Alfalfa (Medicago sativa L.) is the most widely grown forage legume crop in the United States and many other countries. Despite its primary value as animal feed, alfalfa also diversifies farming production risks, provides a source of biologically fixed nitrogen for rotational crops, reduces soil erosion, cleans land and water contamination, disrupts pest cycles of annual rotation crops, and promotes soil carbon sequestration. Alfalfa is also a promising crop for use as a bioenergy feedstock .
Changing trends to multipurpose uses increases demand for alfalfa. However, the production of alfalfa is challenged by adverse environmental stress factor such as water deficit. Of the world’s usable water resources, 80% is currently consumed by irrigated agriculture. This level of consumption by agriculture is likely not sustainable. Future population growth will require more water for domestic, municipal, industrial, and environmental uses. The most realistic solution is to reallocate a portion of the water currently used by agriculture. Reducing agricultural water use by 10% would increase the amount of water available for other purposes by up to 50% . However, with the world population predicted to reach 9.6 billion by 2050, agriculture is challenged to produce more with less water inputs. This will require substantially more efficient crop production from a smaller irrigation water resource. As a consequence, improving drought resistance and water use efficiency (WUE) is a key for sustainable agriculture. The hotter drier climate predicted with global climate change also makes it imperative that climate resilient crops be developed.
Most alfalfa in the western United States is produced under irrigation. The costs associated with irrigation are significant and are likely to increase as water is diverted to non-agricultural use. Improving WUE of both irrigated and rainfed alfalfa production is imperative.
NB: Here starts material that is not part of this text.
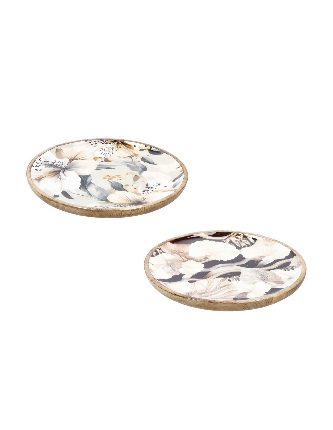 Piatto tondo in legno ABEL dal diametro di 30 cm, proposto in due decori raffinati che uniscono tonalità naturali e motivi floreali eleganti. La superficie liscia e lucida valorizza i dettagli del disegno, mentre il bordo in legno dona calore e un tocco artigianale. Perfetto come centrotavola, svuotatasche o elemento decorativo su mensole e consolle, si integra facilmente in ambienti moderni, nordici o classici grazie ai colori neutri e armoniosi. Un accessorio versatile che aggiunge stile e personalità alla casa con un equilibrio ideale tra estetica e funzionalità.

Drought resistance is an important trait for improving alfalfa productivity under water deficit conditions. Compared to other crop species, little is known about mechanisms by which genetic and physiological factors contribute to drought tolerance in alfalfa. Research on the molecular biology of drought responses in alfalfa was initiated in the 1990s [3–5]. Later on, microarrays were used for analysis of the alfalfa transcriptome to identify genes responsive to dehydration . Most recently, proteomics and metabolite profiling were performed to identify proteins and soluble metabolites that respond to drought in leaves and nodules of alfalfa .
Traditional breeding programs and transgenic approaches have been undertaken to improve drought tolerance [8–12]. Modern germplasm has been used for genetic mapping [13,14] and field studies related to forage quality and WUE [13,15–17]. WUE measured by carbon isotope discrimination revealed that M. sativa ssp. falcata had higher WUE compared with other germplasm, although its yield was relatively low . Backcross populations were developed using the M. sativa ssp. falcata variety Wisfal (high WUE) and Chilean germplasm (low WUE) as parents and a genetic map was constructed in these populations .
System responses to long-term drought and re-watering of two contrasting alfalfa varieties have been reported . Most recently, quantitative trait loci (QTL) associated with biomass under drought and irrigated conditions have been identified in alfalfa .
Gene banks collect thousands of accessions that are potentially useful for plant breeding. In alfalfa this germplasm can include crop wild relatives, wild forms of the domesticated species, primitive landraces and obsolete varieties. Although these materials generally have low agronomic value compared to modern alfalfa cultivars, they may possess useful genes that are not present in the modern crop gene pools. Exploiting these useful genes that were “left behind” is a difficult task because the genes of interest may be tightly linked to unfavorable genes that can be dragged along into breeding populations. Marker assisted selection (MAS) can help speed the process of introgression by helping to identify progeny carrying the traits of interest early in the breeding process. Identifying and exploiting useful alleles in unadapted germplasm with the aim of improving quantitative traits such as drought tolerance and WUE can be particularly challenging, since these traits are most likely under the control of multiple genes and interact with environmental factors. Identification of resistance loci that contribute to variation in such complex traits is a primary challenge in plant breeding and population genetics.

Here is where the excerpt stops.